As an MD with a holistic practice, I carefully explain to my clients the common and long-term side effects of these medications so that they can make an informed choice about whether or not to try one. In my opinion, the first concept in medicine and in healthcare should be “do no harm.” That’s part of the Hippocratic oath that MD’s take. I can’t speak for others who attended and graduated from medical school, but when I did I took that oath seriously.

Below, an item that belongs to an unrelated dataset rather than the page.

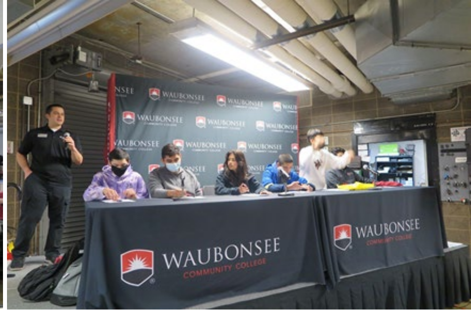
Auto/CTE Open House & Signing Day

I think that it’s sad that the current insurance and pharmaceutical driven healthcare marketplace doesn’t feel the need to inform patients about the harms and consequences associated with some prescription medications. Sadly, in many cases, the same system that turns a patient into an addict then victimizes the patient again by branding them as an “addict” and refusing to treat them. It truly is an epidemic, and the cause is the concept of turning every person into a patient, turning every patient into prescription user and then not considering the long-term consequences of how that will negatively impact the person and society in general.
I often ask this question: “How can you just hand a patient prescription after prescription, knowing that it’s addictive, and then not consider the consequences of making that person an addict?” It truly is a travesty, an ethical dilemma, a miscarriage of healthcare and justice, and a ticking time bomb.